I also note that the language "ph Unit" is in common usage, and so
should be mentioned somewhere in OBI, It would be called a unit of a
quantity of dimension 1 in SI nomenclature. Other such "units" are
radians and steradians.
http://www.bipm.org/utils/common/pdf/si_brochure_8_en.pdf
"(b) The radian and steradian are special names for the number one
that may be used to convey
information about the quantity concerned. In practice the symbols rad
and sr are used where
appropriate, but the symbol for the derived unit one is generally
omitted in specifying the
values of dimensionless quantities."
Ok, well there's some more background. I don't think we're done yet,
but I need to go to a call.
-Alan
If we have a unit, say, Q, if you know how to measure 1Q, then you
should be able to work out how to measure 2Q.
So, if I give you a 1m rule, then m is a unit because you can also
measure 2m. I'm not suggesting that the relationship always needs to be
linear. For example, given a 1m rule, you can also measure a area or a
volume. But you can't measure a 2m^2 volume, only a 4m^2 area, or an
8m^3 volume.
This is true for a concentration, but because of the activity component
for pH is, strictly, not true for pH.
>> Nor is it a category, because it is ordered.
>>
>> So, following with IAO current practice of describing the label, rather
>> than the actual thing of interest, I think we need a new type of label
>> -- that is measurement scale label. This has the property that
>> categorical labels lack -- they are ordered. pH falls into this
>> category, as do my other two examples -- wind and spicyness.
>
> http://www.seismo.unr.edu/ftp/pub/louie/class/100/magnitude.html -
> they seem to consider Richter magnitude as units "...This accounts for the
> usual spread of around 0.2 magnitude units that you see reported from
> different seismological lab..." or "...The uncertainty in an estimate of the
> magnitude is about plus or minus 0.3 units..."

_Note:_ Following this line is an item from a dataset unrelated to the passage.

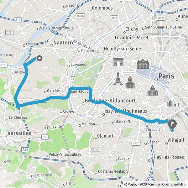 Tourner légèrement à droite sur D907 (Route de la Reine) et continuer sur 600 mètres

The Richter scale is based on a measurement from a particular piece of
apparatus, and saturates. I know relatively little about the Richter
scale, though, so I might be wrong here.
The Beaufort scale I know more about, and is based around whether flags
stand up, or whether you get white horses. Compare this form of
empirical scale to "wind speed of 10ms^-1" -- the latter clearly is a
unit. We can say that "20ms^1 is twice as fast as 10ms^1; however all we
can say about Beaufort 8 is that it's windier than Beaufort 5.
>
> Similary for the Scoville: http://en.wikipedia.org/wiki/Scoville_scale " The
> number of Scoville heat units (SHU) indicates the amount of capsaicin
> present."
>
If you read down, you will see that Scoville is actually a scale based
on the ability of tasters to perceive heat under standardized
conditions. Again, it's an empirical scale. It happens to be
more or less proportional to capsaicin content.

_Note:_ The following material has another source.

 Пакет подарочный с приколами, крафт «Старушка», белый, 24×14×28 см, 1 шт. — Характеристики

Scoville has the advantage that it can also be meaningfully applied to
substances other than capsaicin, including those which are hotter, while
it is not really meaningful, for example, to describe capsaicin
concentrations greater than pure.
>> There are many more categories like this.
>
> We did have similar discussion during the workshop regarding handedness scale,
> and have been discussing on the IAO side about how to represent scales. We
> added "categorical measurement datum" to start with.
>
> See related discussion at
> http://code.google.com/p/information-artifact-ontology/issues/detail?id=78
> , http://code.google.com/p/information-artifact-ontology/issues/detail?id=79
> and the proposal to have a call to add those at http://groups.google.com/group/information-ontology/browse_thread/thread/b90e9898b8a99240
>
I agree; it's nearly the same issue. Categories, such as handedness are
totally unordered, though. Scales are ordered but with an uncertain
relationship between the items; just greater than or less than.
Given the existence of categorical measurement data, it seems that there
is already a good design pattern in OBI for dealing with this form of
data. So the two options, as I see them are, either make the distinction
using this pattern (which is more correct, but more complex) or ignore
the distinction (which is less correct, but simpler). Gains and losses
either way.
My suspicion is that our target audience would want to have their cake
and eat it. They would say that pH is a unit and we are being picky
about the distinction, but would be unhappy about clinical scales (for
example) being considered units.
Phil
This covers much the same ground, but is longer.
>> and
>>
>> "hydrogen ion activity coefficients cannot be measured directly by any
>> thermodynamically sound method"
>
> Single hydrogen ion activity.
You can't meaningfully define the concentration of an single ion, I
fear.
>> and
>>
>> "the pH scale is defined in practice as traceable to a set of standard
>> solutions whose pH is established by international agreement"
>
> This language does not speak to the nature of the quantity.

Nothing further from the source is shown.